Purchasing foodstuff at a local grocery shop shows an example of the exchange in a product
market.
which use the resources to manufacture goods and services. These exchanges occur in resource
markets or input markets. Instances in which such transactions take place in resource markets are
when businesses pay salaries to workers, rent payment to landlords or interest on loans intended
for plant and equipment. This simple model, though, has two problems. First, businesses have
the uncertainty about the quantity of products consumers will buy. Second, households have the
uncertainty about the quality of resources businesses want to hire. These cycles of uncertainty
show that if production in businesses rises so high, this creates an impermanent boom in
production and employment. Eventually, this result into a surplus of products, a successive drop
in prices and the producers forced to massively layoff employees to cut costs. The consequence
is unemployment and recession. Comparatively, the housing boom and bust in the U.S. followed
this arrangement. Ultimately, the remaining labor resources causes the value of employment to
drop in such a way that businesses will find it cheap to hire more labor force and production
starts to rise again. Therefore, the order of boom and bust or the business cycle is an expected
FUNDAMENTALS OF MACROECONOMICS 4
scenario in the open market as no man can forecast the future correctly all the time. From the
preceding, it is evident that the significance of upholding full employment is creation of jobs.

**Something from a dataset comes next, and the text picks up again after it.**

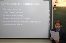 В гимназии прошли мероприятия, приуроченные Международному Дню борьбы с коррупцией: классные часы «Коррупция и методы борьбы с ней», «Нет! – коррупции в стране», встреча с адвокатом Елабужского филиала коллегии адвокатов Тугульской Э.В. на тему «Знаешь ли ты закон?», просмотр и обсуждение видеороликов и презентаций, проведение тематической игры. Ребята подготовили выступления об истории возникновения коррупции и методах борьбы с ней, провели анкетирование.На общешкольном и классных родительских собраниях данный вопрос тоже был поднят в очередной раз администрацией гимназии и классными руководителями. Также перед родителями выступили представители прокуратуры, полиции и наркоконтроля.

If
creation of new jobs takes place at an appropriate rate to absorb those exiting old jobs in addition
to new players to the workforce, the economy can experience massive layoffs and yet not have a
Decrease in Taxes.
A circular flow model covers three subdivisions (household, business and government) as well
as three markets (product, factor, and financial). The preceding demonstrates the unceasing
movement of the disbursements for products amongst the producers and consumers, with
specific stress on taxes and government procurements. The three-sector, three-market circular
flow model illustrates the significant part that the government sector takes in the economy. It
enlarges the model by demonstrating how the diversion of taxes occur consumption expenses to
the government sector that are again put into use in government procurements. It shows that
taxes do not disappear from the economy, but simply diverted. Economists might identify a
recession, but it may take some time for governments to legislate a simulative tax cut or
expenditure program. However, price regulation have been questioned as a remedy. If inflation
were to begin again, economists might propose “supply side” procedures that would decrease
taxes and guidelines that might increase prices. On the other hand, the government uses fiscal
policy by injecting tax cuts or upsurges in government expenditure to improve the economy.

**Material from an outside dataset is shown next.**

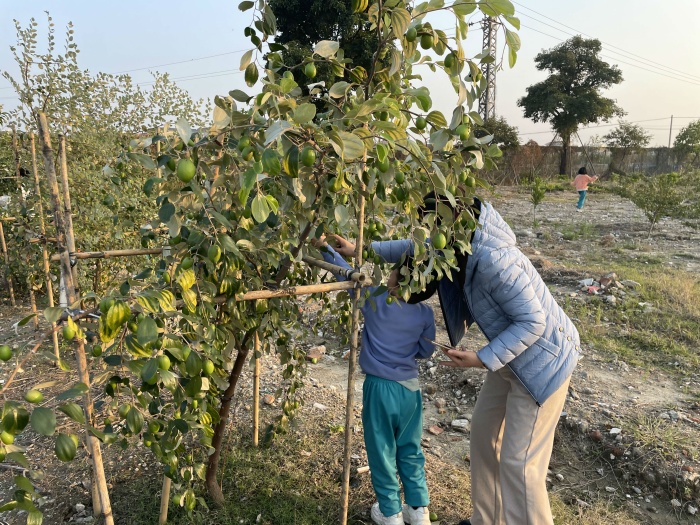 活動前,詹前秒校長和各班班主任向每位同學講述如何清理雜草、如何辨別青棗的成熟程度、如何根據成熟度來進行正確的采摘,以及勞動過程中的注意事項,并且進行了示范。認真聽完老師指導并且完成了除草任務的同學們小心翼翼走進青棗地里仔細觀察、尋找、挑選、詢問、研究……最后再小心采摘。就像一群勤勞的小蜜蜂,采自然地 “花”,釀“知識”的蜜。第一次嘗試從播種到豐收,孩子們興奮不已,每張小臉上都掛著驕傲與喜悅。

Finally, people pay taxes based on their earnings, on the things they purchase or on the property
they possess. The taxes collected signify the main source of revenue to the government sector.
Conclusion
The preceding information articulates a systematic analysis of processes contained in the typical
circular flow model. The model inaugurates some abridging assumptions that may not be
representative; but gives a general impression of understanding the main arguments of the model.
In each succeeding step, the model shows factors that are more realistic that the households,
businesses and the government interconnect with to give a good impression of the model. The
model resembles a road map, which gives direction and distance but does not display every
bump in the road or every corner. In other words, the model does not show a detailed structure of
the economy. Business managers need to know deeply about this model because, as producers,
businesses compete against each other in the resource markets while purchasing, mainly from the
household sector. The government comes in as the economy has restricted quantity of economic
resources. The budget of procuring resources such as labor is a source of earnings for
households, which the business managers need to organize for as the labor resource payers.